I saw this problem on r/probabilitytheory

If you pick a uniformly random real number on [0,1] and repeat this until the sum of numbers picked is greater than 1, you’ll on average pick \(e \approx 2.718\) numbers

Posed in a way that we can actually begin to solve this.

Sample independent uniform random variables \(U_1, U_2, \ldots\) and let \(S_n = \sum_{i = 1}^n U_i\). Let \(N\) be the first integer \(n\) such that \(S_n > 1\). Find \(E[N]\)

Bonus question: What is the \(E[S_n]\)? Can we find its distribution?

Of course, the first step is to replicate the simple simulation.

Simulation

# Sample from independent uniform U(0,1) distributions and stop when the sum
# is greater than 1. Let N be that first sum. Then E[N] = e

sim_sum <- function(t = 1) {
  s_n <- 0
  n <- 0
  while(s_n < 1) {
    s_n <- s_n + runif(1)
    n <- n + 1
  }
  c(n = n, s_n = s_n)
}


reps <- 1e4
N_sim <- data.frame(t(replicate(reps, sim_sum())))
N_sim_table <- table(N_sim$n)
N_sim_prob <- N_sim_table / reps

K <- as.numeric(names(N_sim_table))

mean_N <- mean(N_sim$n)
plot(K, N_sim_prob, type = 'b', ylim = c(0, 1), ylab = 'P(N = n)', xlab = 'N')
abline(v = mean_N, lty = 2)
text(x = mean_N + 1, y = 0.75, sprintf('Mean(n) = %.03f', mean_N))

Proof

The idea of the proof is to directly solve:

\[ E[n] = \sum_{n = 1}^\infty n \cdot P(N = n) \]

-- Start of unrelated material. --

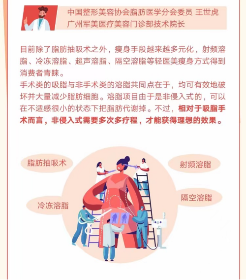 目前除了脂肪抽吸术之外,瘦身手段越来越多元化,不过在消费前,中国整形美容协会脂肪医学分会委员、广州军美医疗美容门诊部技术院长王世虎提醒消费者,应先进行技术摸底,根据个人需求选择医美项目。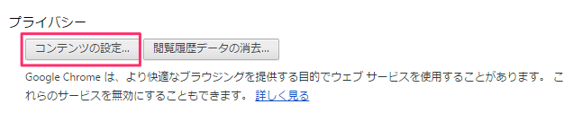 2. プライバシー項目の「コンテンツの設定」を選択します

So we need to calculate, \(P(N = n)\). This is the same as, \(P(S_{n - 1} \leq 1 \text{ and } S_n > 1)\). If we calculate \(P(S_n \leq x) = F_{S_n}(x)\) we can complete the proof.

\(P(S_n \leq x)\)

Using the proof from this answer on math.stackexchange,

when \(x \in [0,1]\), claim is that \(P(S_n \leq t) = \frac{x^n}{n!}\). When \(n = 1\), then \(P(S_1 \leq t) = P(U_1 \leq t) = t\). Assume true for \(n\). Then,

\[ \begin{aligned} P(S_{n + 1} \leq x) &= P(S_n + U_{n + 1} \leq t)\\ &= \int_0^1 P(S_n + u \leq t) \underbrace{f(u)}_{1} ~du && S_n \text{ and } U_{n + 1} \text{ independent}\\ &= \int_0^1 P(S_n \leq t - u) ~du\\ &= \int_0^t \underbrace{P(S_n \leq t - u)}_{\text{Induction Hypothesis}} ~du && \text{Since } P(S_n \leq t - u) = 0 \text{ when } u \in [t, 1]\\ &= \int_0^t \frac{(t - u)^n}{n!} ~du \\ &= \frac{1}{n!} \left( \frac{-1}{n + 1} (t - u)^{n + 1}\Big|^{u = t}_{u = 0} \right)\\ &= \frac{t^{n + 1}}{(n + 1)!} \end{aligned} \]

PMF of \(S_n\)

Since \(F_{S_n}(x) = \frac{x^n}{n!}\) we have \[ \begin{aligned} f_{S_n}(x) &= \frac{dF_{S_n}}{dx}\\ &= n \frac{x^{n - 1}}{n!} \end{aligned} \]

\(P(N = n)\)

\[ \begin{aligned} P(N = n) &= P(S_{n - 1} \leq 1 \text{ and } S_n > 1)\\ &= P(S_n > 1 | S_{n - 1} \leq 1) P(S_{n - 1} \leq 1)\\ &= \int_0^1 P(U_n + x > 1 | S_{n - 1} = x \leq 1) \underbrace{P(s \leq 1 | S_{n - 1} = s)}_{1} f_{S_{n - 1}}(x)~dx\\ &= \int_0^1 P(U_n + x > 1)~f_{S_{n - 1}}(x)~dx && U_n \text{ and } S_{n - 1} \text{ independent}\\ &= \int_0^1 (1 - F_n(1 - x))~f_{S_{n - 1}}(x)~dx\\ &= \int_0^1 x (n - 1)\frac{x^{n - 2}}{(n - 1)!}~dx\\ &= \frac{n - 1}{(n - 1)!} \int_0^1 x^{n - 1}~dx\\ &= \frac{n - 1}{n (n - 1)!} = \frac{n - 1}{n!} \end{aligned} \]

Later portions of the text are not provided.